The Church's understanding is that marriage is ordered by its nature both to the good of the spouses and the procreation and education of offspring.
Q. I have a question about one of your recent columns. (A woman wrote to say that her husband had been refusing for many years to have sexual relations with her, and you suggested that this violates the marriage contract.) If sex is so important to a marriage, would you consider the marriage between the Blessed Virgin Mary and St. Joseph to have been a valid marriage? (Indianapolis)
A. Yes, the marriage of Mary and Joseph was a valid marriage. Even though this marriage was never consummated, it was the spouses' consent that validated the marriage bond, and their decision to maintain Mary's virginity was made mutually.
They gave full consent to their unique call to raise the child Jesus as husband and wife. The Church's understanding is that marriage is ordered by its nature both to the good of the spouses and the procreation and education of offspring. At the time of their marriage, both Mary and Joseph knew of Mary's pregnancy.
The Gospel of Matthew (1:16) explicitly recognizes the validity of this marriage when it calls Joseph "the husband of Mary"; and in the eucharistic prayer of the Mass we say, "Blessed Joseph, her Spouse."
Q. My fiancé and I are facing a dilemma. He is from a Catholic but extremely abusive household with controlling parents. His sister, who has not practiced the faith for nearly a decade and no longer identifies as Catholic, has recently come out as a lesbian and has invited us to her wedding ceremony.
His parents have said many hateful and cruel things about her and have all but threatened to cut off any siblings who attend.

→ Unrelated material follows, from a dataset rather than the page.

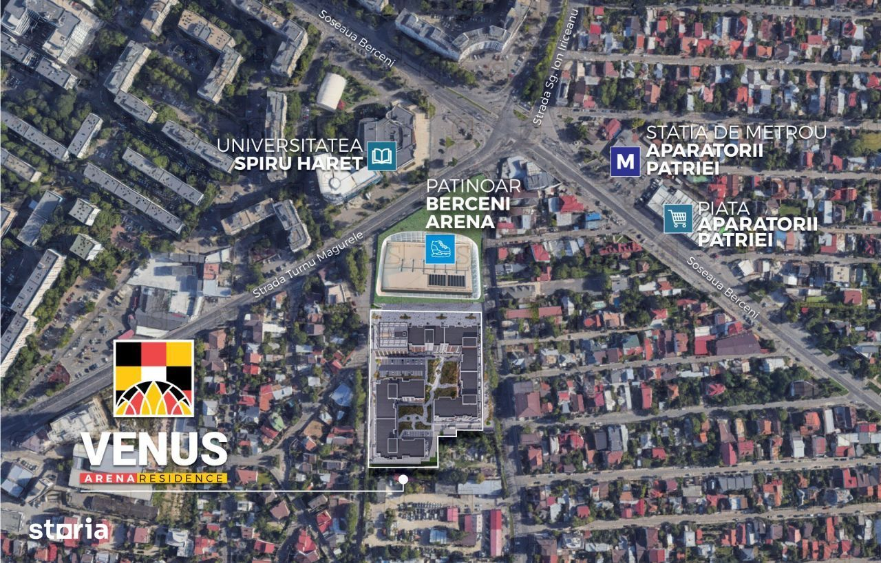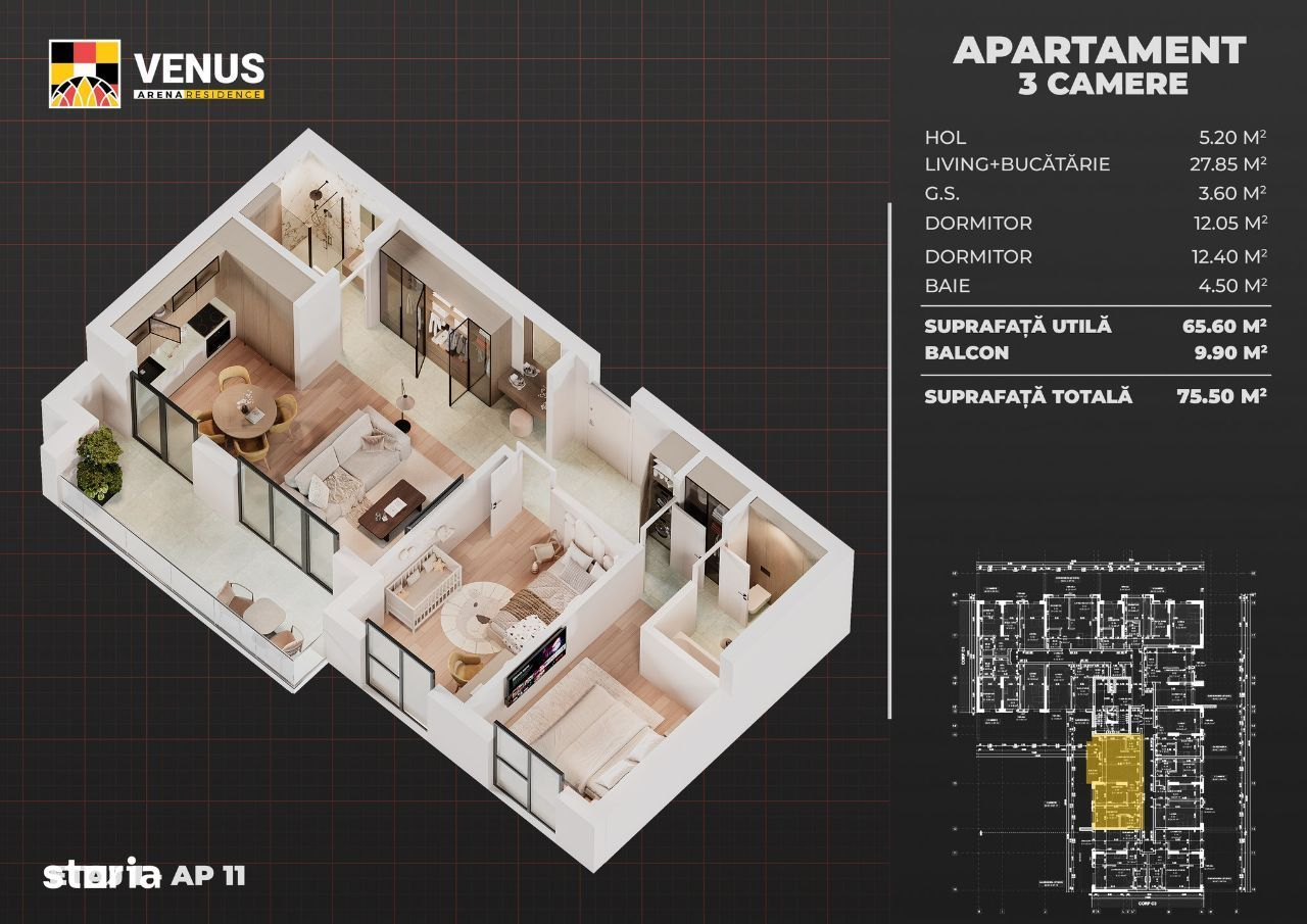 Va prezentam spre vanzare un apartament ideal cu 3 camere, parte din ansamblul?Venus Arena Residence, un nou proiect rezidential modern, bine structurat si pregatit sa ofere un stil de viata confortabil, intr-un cadru urban bine conectat la facilitati esentiale din Sectorul 4, Bucuresti. Locuinta este eficient compartimentata si ofera o suprafata totala de?75.50 mp, din care: Suprafata utila: 65.60 mp Balcon: 9.90 mp Compartimentare interioara optimizata:?hol 5.20 mp, living + bucatarie 27.85 mp, dormitor 12.40 mp, dormitor 12.05 mp, baie 4.50 mp, grup sanitar 3.60 mp. Balconul este accesibil din zona de zi si ofera o deschidere generoasa catre exterior, cu balustrada din sticla securizata pentru un plus de luminozitate si siguranta. Dotari si beneficii: Incalzire in pardoseala, cu reglaj individual Aer conditionat, inclus in pret Tamplarie PVC Salamander, tripan, culoare Gri Antracit - izolatie fonica si termica superioara Centrala termica de bloc, controlabila individual si sisteme ultramoderne MTH Lifturi Schindler?cu acces la toate nivelurile, inclusiv in parcarea subterana Finisaje premium, la alegere in showroom dedicat Balcon cu inchideri din sticla securizata, ideal pentru relaxare sau depozitare Venus Arena Residence?este un proiect rezidential de referinta, compus din?5 imobile?cu regim de inaltime?2S+P+M+6E, ce imbina designul modern cu utilitatea si accesibilitatea urbana. Fiecare bloc beneficiaza de?parcare subterana pe doua niveluri, lifturi rapide si acces la o zona comerciala proprie. Ansamblul?Venus Arena Residence?beneficiaza de o locatie excelenta, la doar cateva minute de mers pe jos de statia de metrou?Aparatorii Patriei, intr-o zona urbana moderna si complet dezvoltata. Puncte de interes si acces: Acces rapid la?metrou, linii STB si bulevarde principale: Brancoveanu, Obregia, Metalurgiei Pasajul Europa Unita?- fluidizeaza traficul si ofera legatura directa cu centrul orasului Aproape de?Sun Plaza Mall,?Grand Arena Mall,?Metro,?Auchan,?Selgros,?Lidl,?Carrefour Piata Aparatorii Patriei?- produ- Caracteristici 31-07-2025
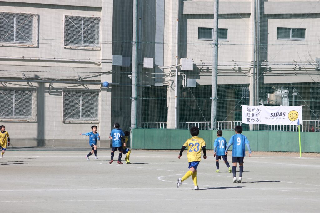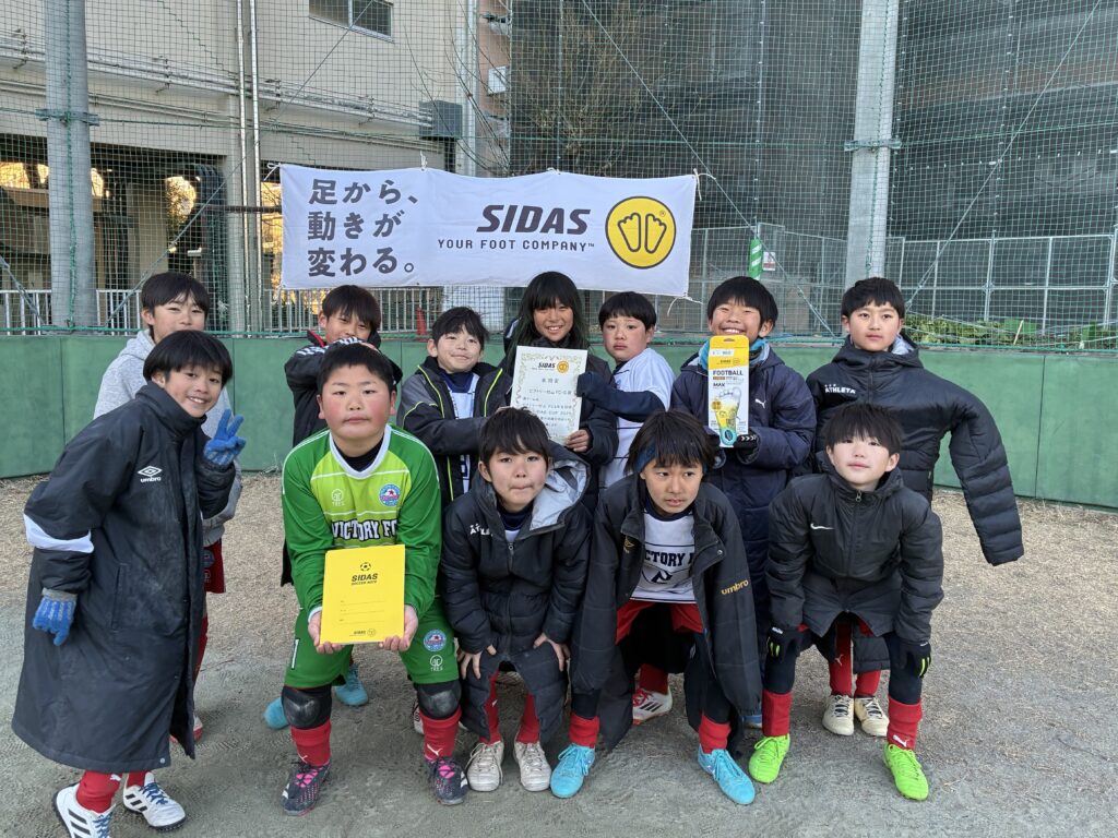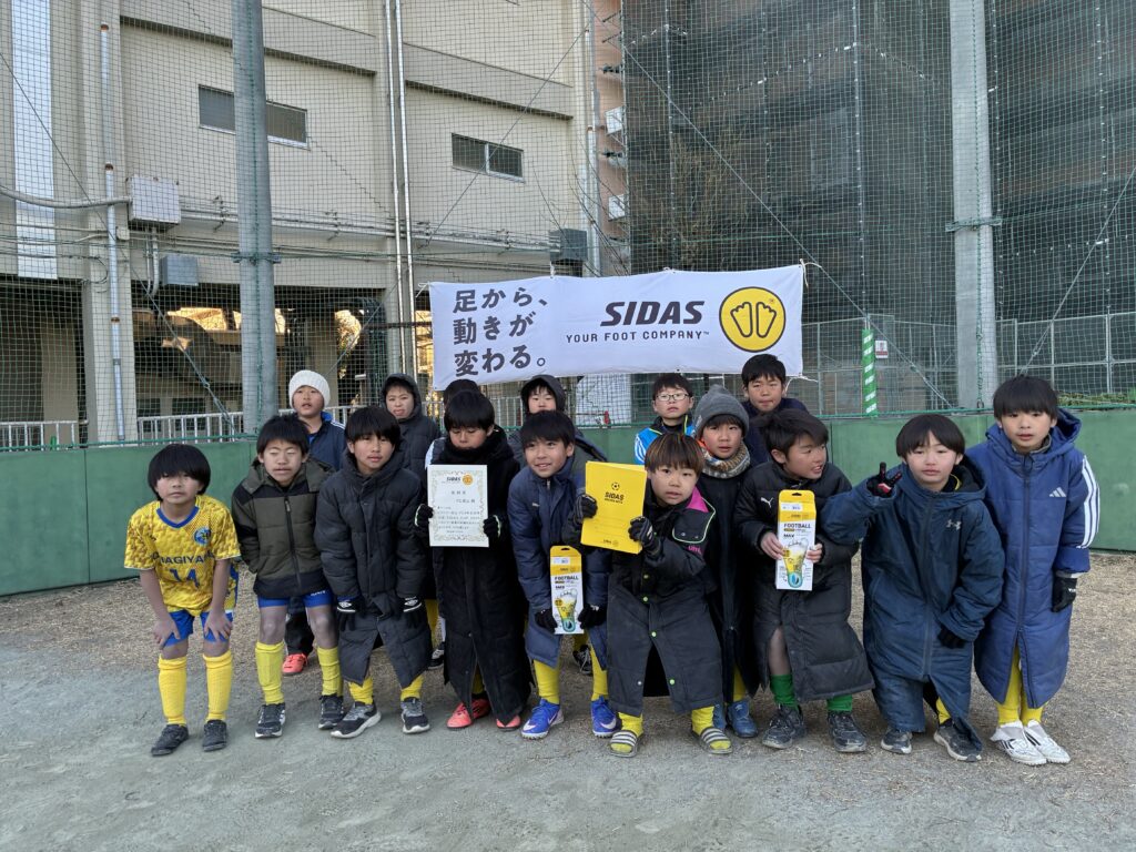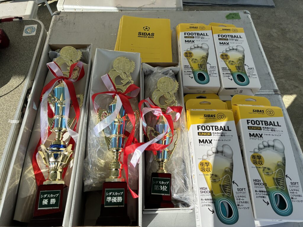 インソールメーカーであるシダスジャパン株式会社様のご提供により、4年生招待大会「SIDAS CUP 2025」を開催しました。当初は12月開催を予定していましたが雨天により延期となり、改めて実施した当日は冬晴れに恵まれました。時折、冷たい風が強く吹く場面もありましたが、選手たちは元気いっぱいにピッチを駆け回り、試合は終始熱量の高い展開となりました。 会場には横断幕を掲示し、表彰式ではシダス様の取り組みを紹介する時間も設けたことで、選手や保護者の方々にその存在や意義を知っていただく良い機会になりました。実際に「このインソール使っているよ!」と声をかけてくれる選手も複数おり、足元への意識が自信につながっているような、堂々としたプレーが印象的でした。 参加賞として配布したシダスオリジナルのサッカーノートには「足の状態」「シューズの状態」を記録する欄があり、日々のコンディションを選手自身が自然に振り返るきっかけになる仕組みだと感じました。表彰は優勝トロフィーに加え、個人賞として「対戦チーム推薦の優秀選手賞」「得点王」「プスカシュ賞(大会ベストゴール)」を設定し、さらにインソールのご提供もあったことで、選手たちの集中力や勝負への姿勢が一段と高まっていたように見受けられます。 子どもたちの健やかな成長を足元から支える取り組みとして、こうした価値ある支援が今後も継続していくことを期待しています。

My fiancé and I would like to attend at least the reception -- in order to demonstrate that there is more to Catholicism than the cruelty she has received from her parents.

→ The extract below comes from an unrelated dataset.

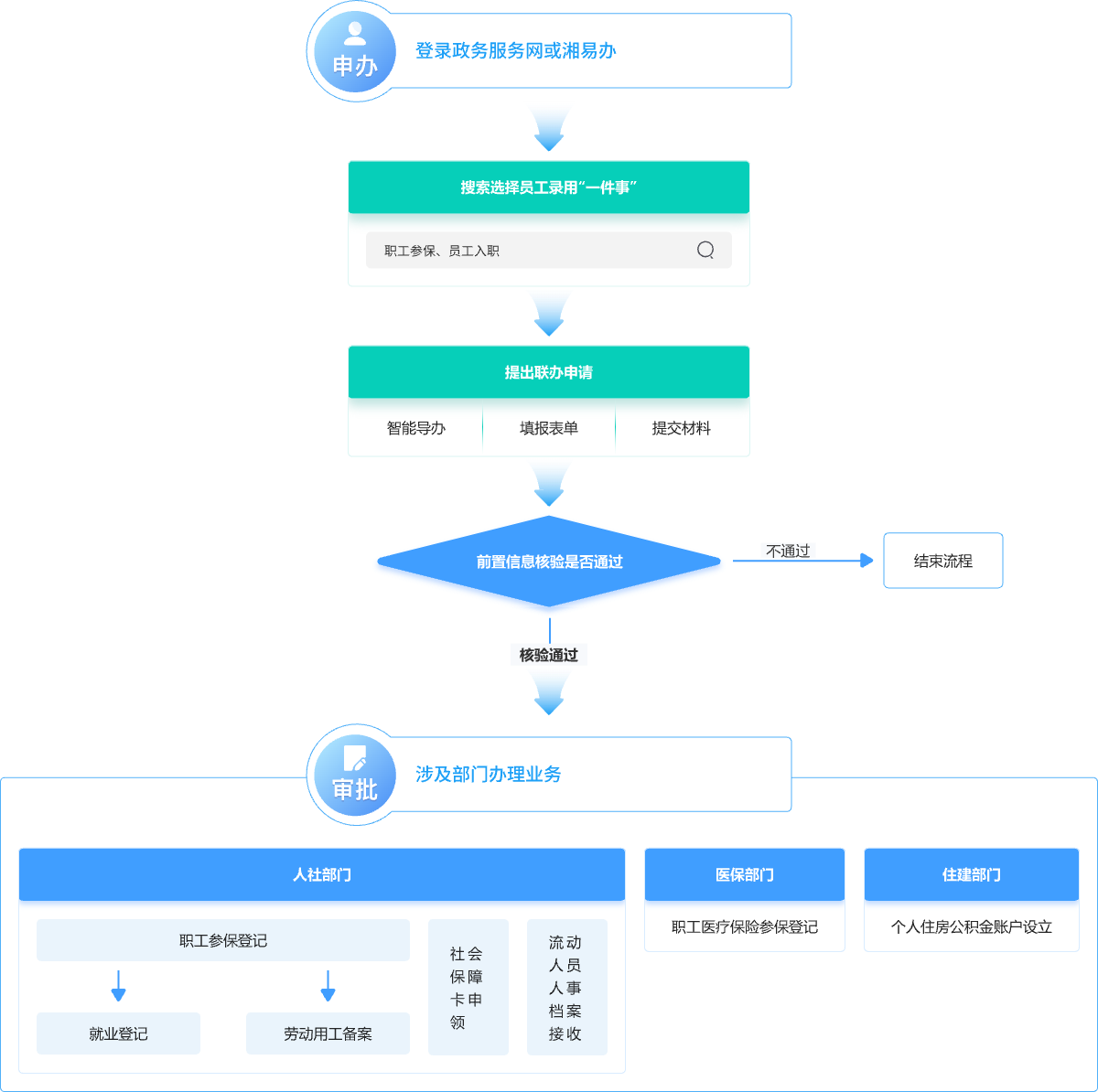 企业在录用员工时可匹配选择相应政务服务事项,将职工参保登记、就业登记、劳动用工备案、个人住房公积金账户设立、职工医疗保险参保登记、社会保障卡申领、流动人员人事档案接收等集成为“一件事”,实现“一件事一次办”在线办理。
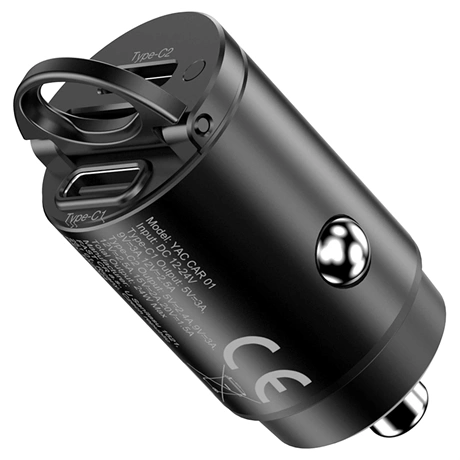 A YENKEE YAC CAR 01 egy modern USB autós töltő, amely Power Delivery és két USB-C porttal van felszerelve. Az Apple mobiltelefonokat akár 30W teljesítménnyel töltheted, így biztosítva a lehető leggyorsabb energiafelvételt.

We want to communicate that we don't believe this is a valid marriage but that does not change our love for her. Would that be immoral under Church teaching? (Ellettsville, Indiana)
A. The U.S. Conference of Catholic Bishops has a webpage called "FAQs on the Meaning of Marriage & Sexual Difference," and that webpage responds directly to the question you raise.

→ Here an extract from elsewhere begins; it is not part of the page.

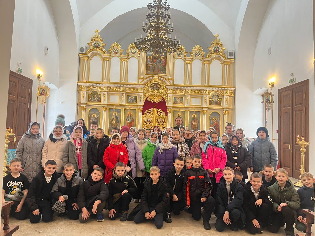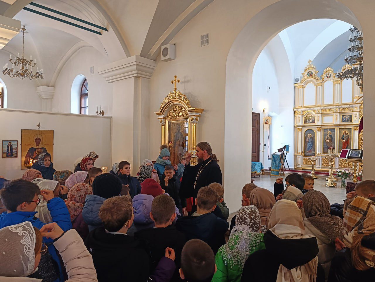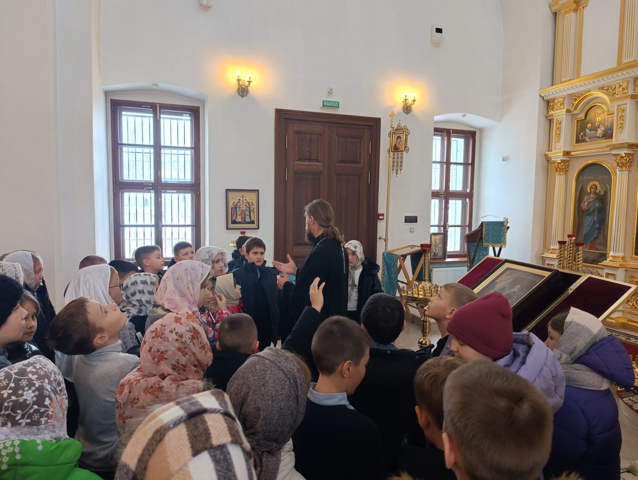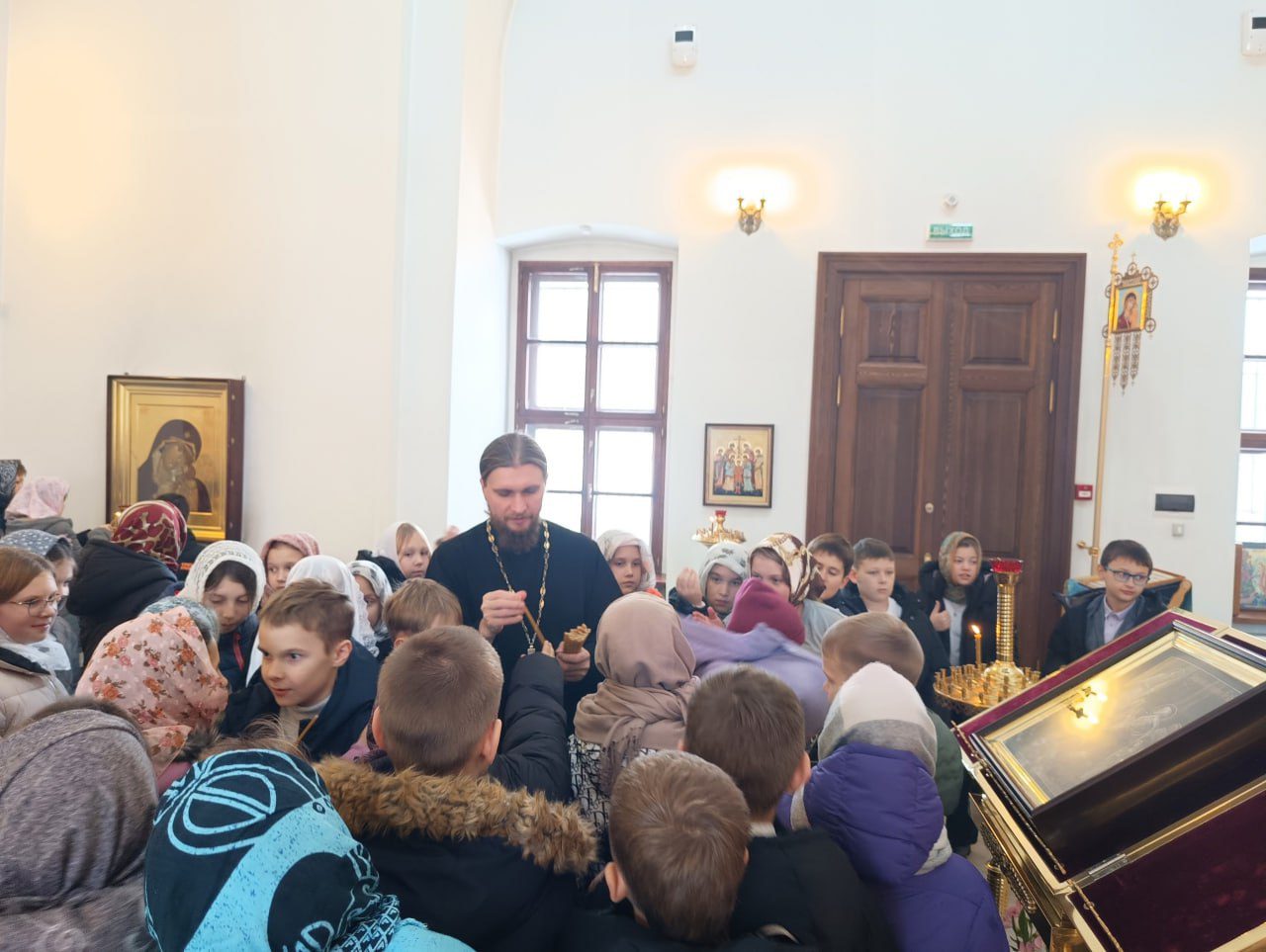 Настоятель храма священник Алексий Вареников провел для ребят экскурсию. Рассказал об устройстве храма, о молитве, о крестном знамении. Затем батюшка побеседовал с детьми о подвиге народа и роли Русской Православной Церкви в годы Великой Отечественной войны, а также о помощи Царицы Небесной всем к ней обращающимся.

It says: "For a Catholic who is invited to a same-sex 'wedding,' it is important to consider what marriage is and what his or her attendance at such an event would mean. Since marriage is the union of a husband and a wife -- that is, as a man and a woman -- attending a same-sex 'wedding' may be considered support for something that is incompatible with this truth.
"Especially when it involves close family or friends, it can be a difficult decision. In such circumstances, it is good to seek the advice of your pastor or spiritual director. It is also good to remember that there are many ways of showing love to a person with same-sex attraction without attending such a ceremony."
So although there is not an absolute canonical prohibition against attendance at such a ceremony, I am sure that most Church leaders would discourage your presence.
It strikes me, though, that you may have reached an acceptable compromise by deciding to show up at the reception but not the wedding -- so long as the couple understands by this that you don't believe theirs is a valid marriage.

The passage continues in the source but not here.